What is needed -
This exercise requires an exact output of the listing, images omitted.

Given data -
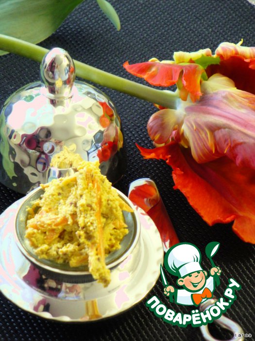Ее можно намазать на кусочек хлеба или на огучик, также завернуть в лист салата или….
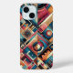 Elevate your style with the geometric patterns phone case. featuring a vibrant array of angular patterns in blue, red and beige, this case offers both aesthetic appeal and functional protection.
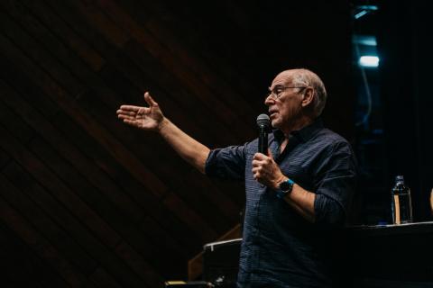 Jimmy Buffett spoke to students at the Berklee Performance Center.
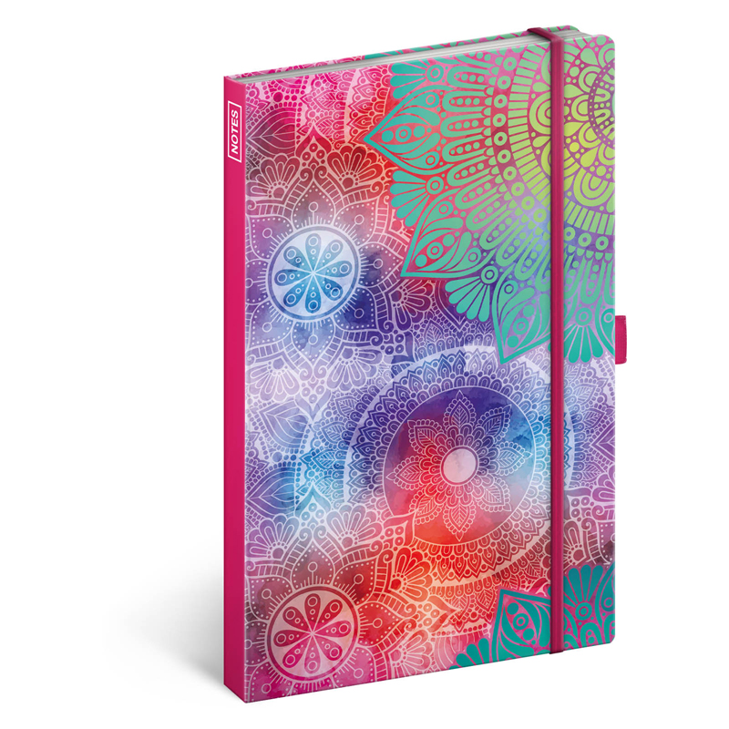 Linajkovaný zápisník pre všetkých, ktorí veria moci mandaly. Linajkovaný notes v pevných doskách s uzatváraním na gumičku, pútkom na pero a vnútornou kapsou na navštívenky. Linajkovaný zápisník môžete použiť ako denník, písať si doňho hlboké myšlienky alebo pracovné poznámky. Väzba: tuhá knižná s gumičkou a pútkom na ceruzku. Rozmer: 13x21 cm. Počet strán: 172.

Response for this exercise -
Ее можно намазать на кусочек хлеба или на огучик, также завернуть в лист салата или….
 Elevate your style with the geometric patterns phone case. featuring a vibrant array of angular patterns in blue, red and beige, this case offers both aesthetic appeal and functional protection.
 Jimmy Buffett spoke to students at the Berklee Performance Center.
 Linajkovaný zápisník pre všetkých, ktorí veria moci mandaly. Linajkovaný notes v pevných doskách s uzatváraním na gumičku, pútkom na pero a vnútornou kapsou na navštívenky. Linajkovaný zápisník môžete použiť ako denník, písať si doňho hlboké myšlienky alebo pracovné poznámky. Väzba: tuhá knižná s gumičkou a pútkom na ceruzku. Rozmer: 13x21 cm. Počet strán: 172.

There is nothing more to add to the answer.